---------- Data for this exercise

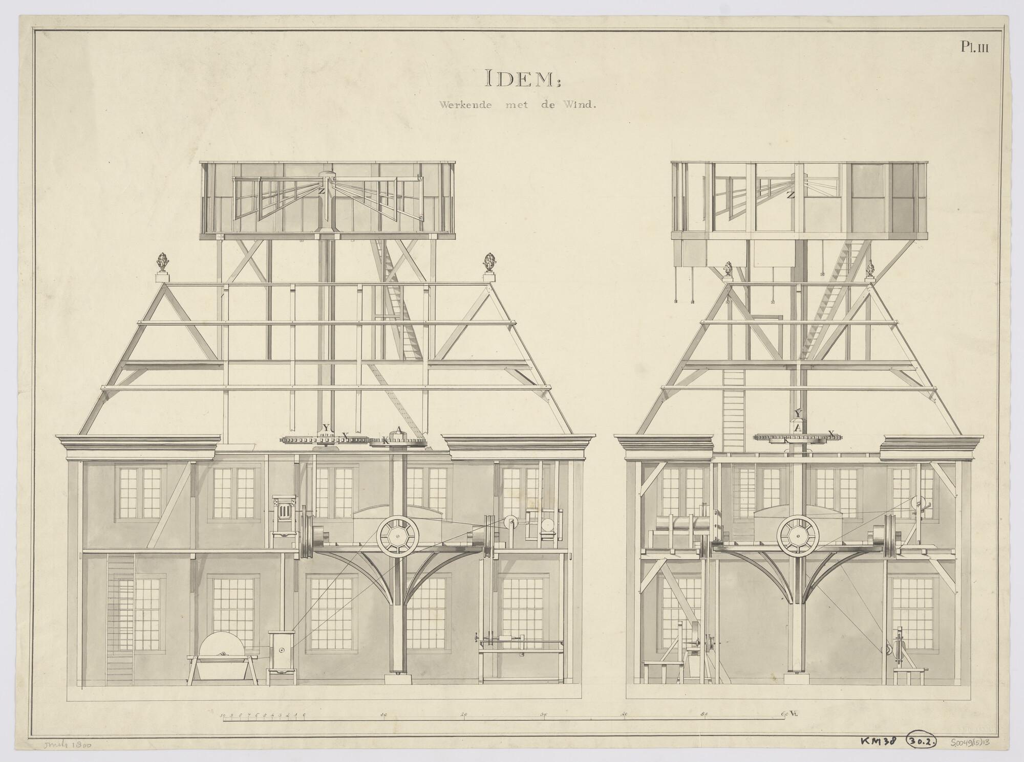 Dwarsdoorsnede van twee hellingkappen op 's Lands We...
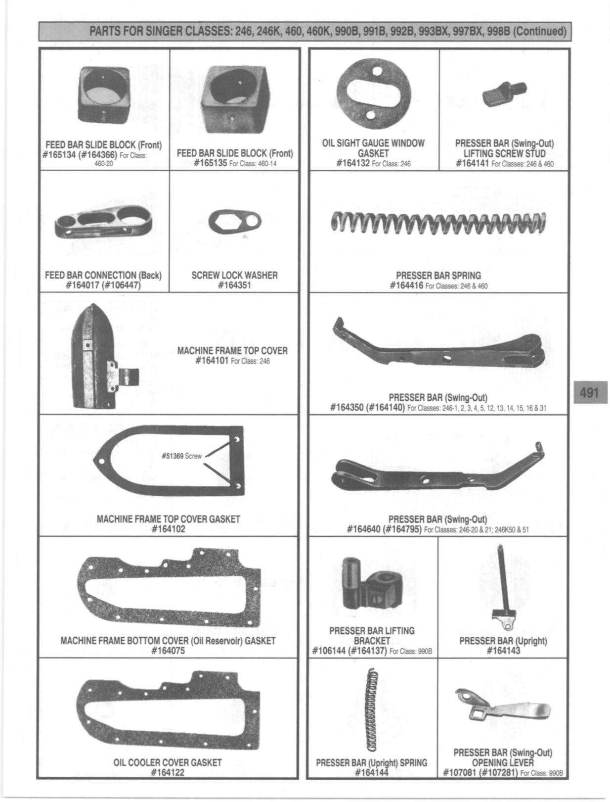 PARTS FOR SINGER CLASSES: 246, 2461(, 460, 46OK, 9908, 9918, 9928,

--------------------
---------- Data for this exercise

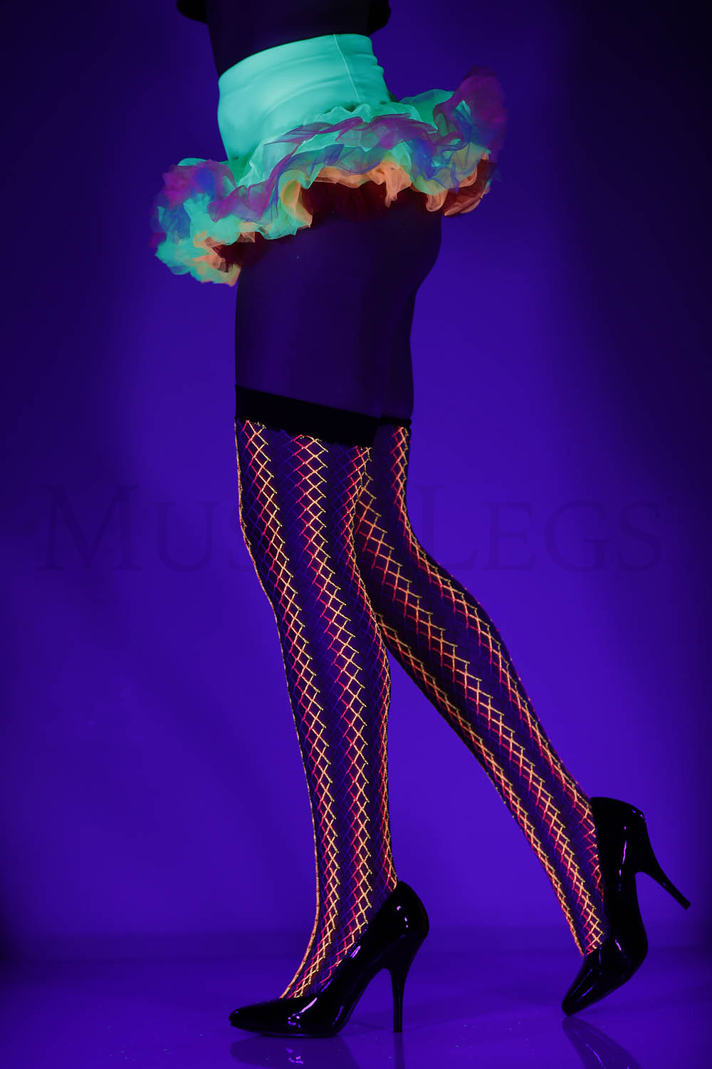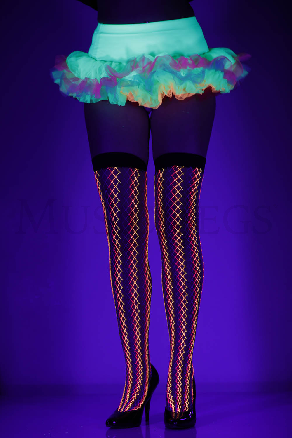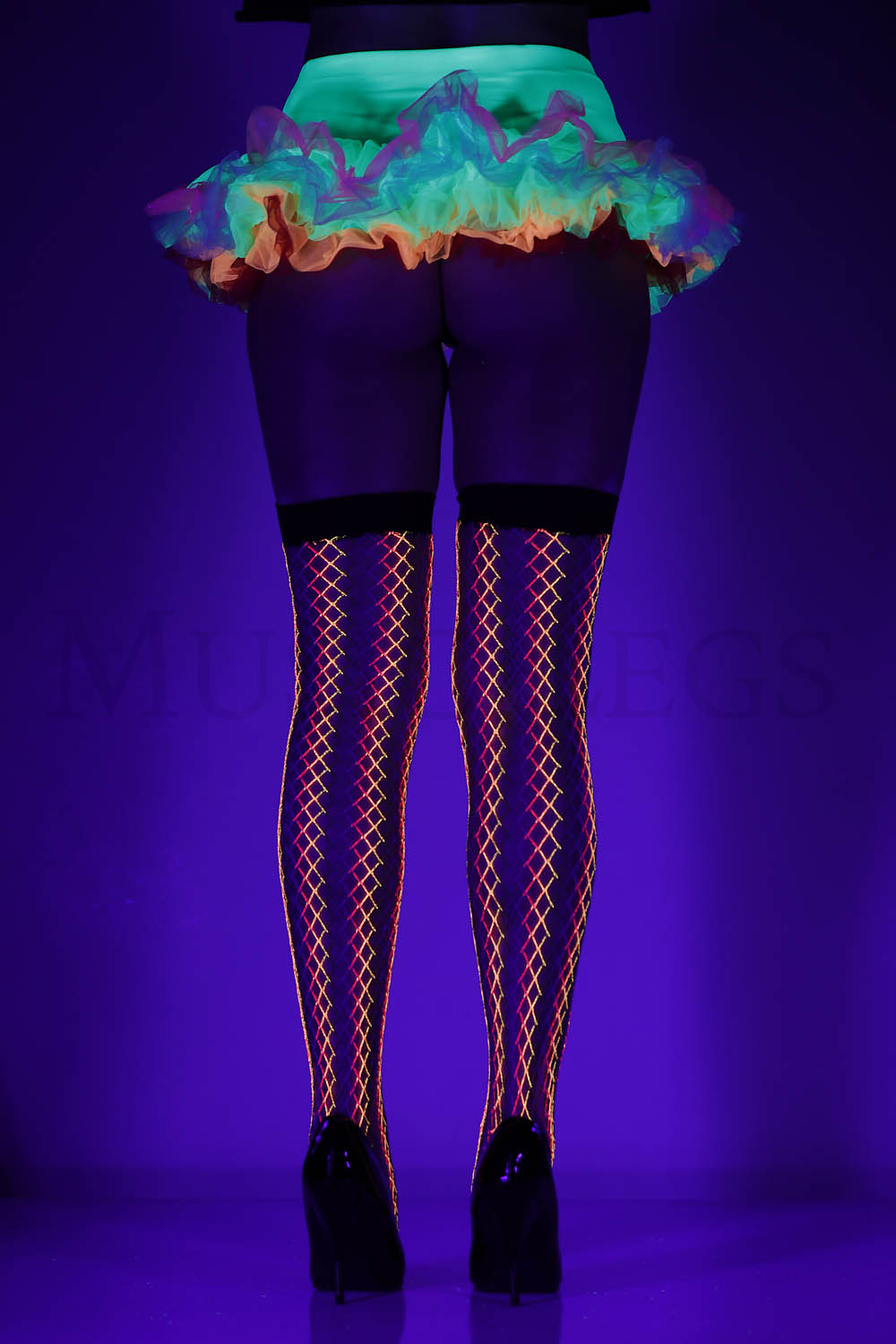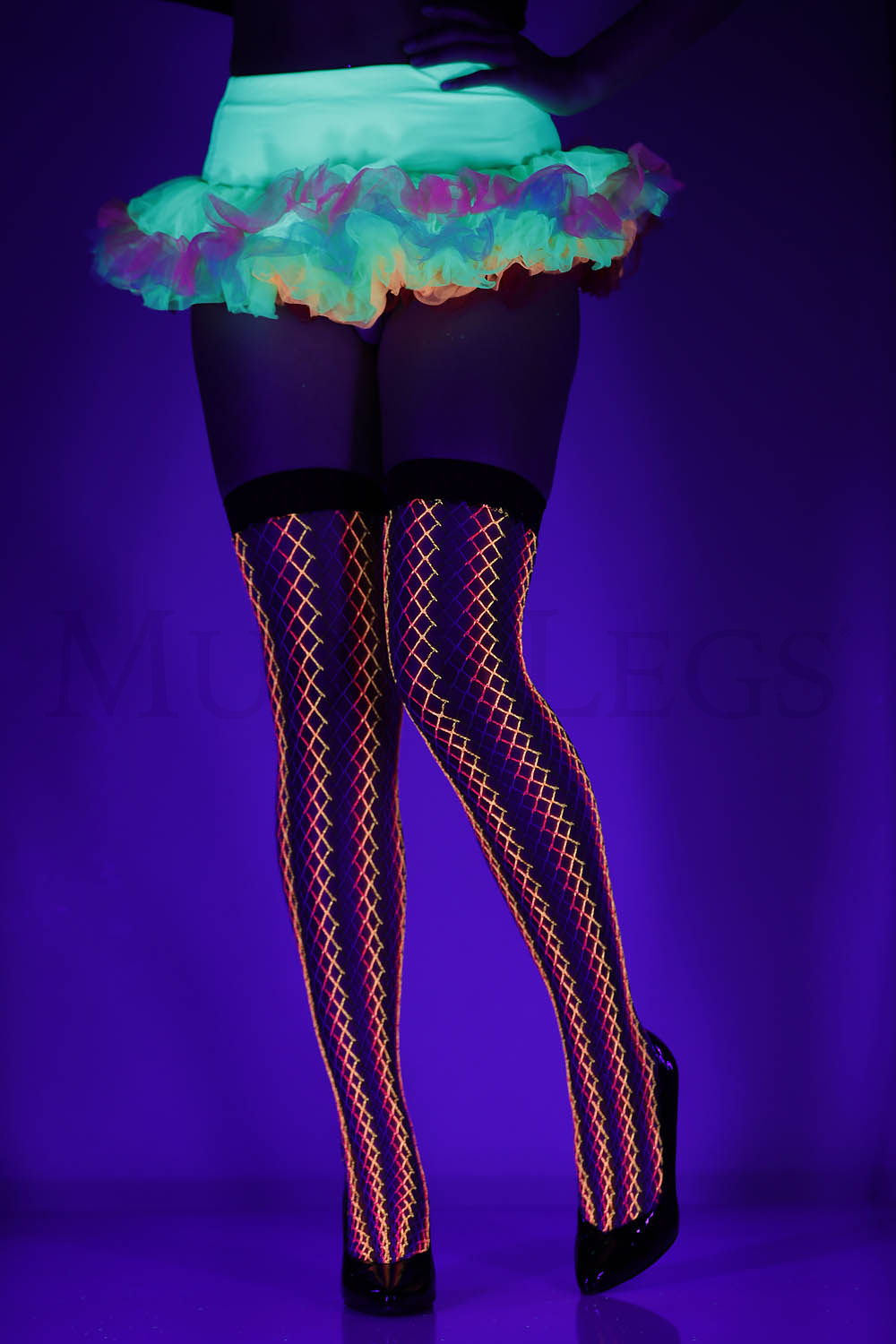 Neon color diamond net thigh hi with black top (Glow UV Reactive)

--------------------

Exercise goal.
What you need to produce is an exact copy of the entries above, limited to the lines from the one with "Dwarsdoorsnede van twee" up to and including the one with "PARTS FOR SINGER", without pictures.

Answer to this exercise.
 Dwarsdoorsnede van twee hellingkappen op 's Lands We...
 PARTS FOR SINGER CLASSES: 246, 2461(, 460, 46OK, 9908, 9918, 9928,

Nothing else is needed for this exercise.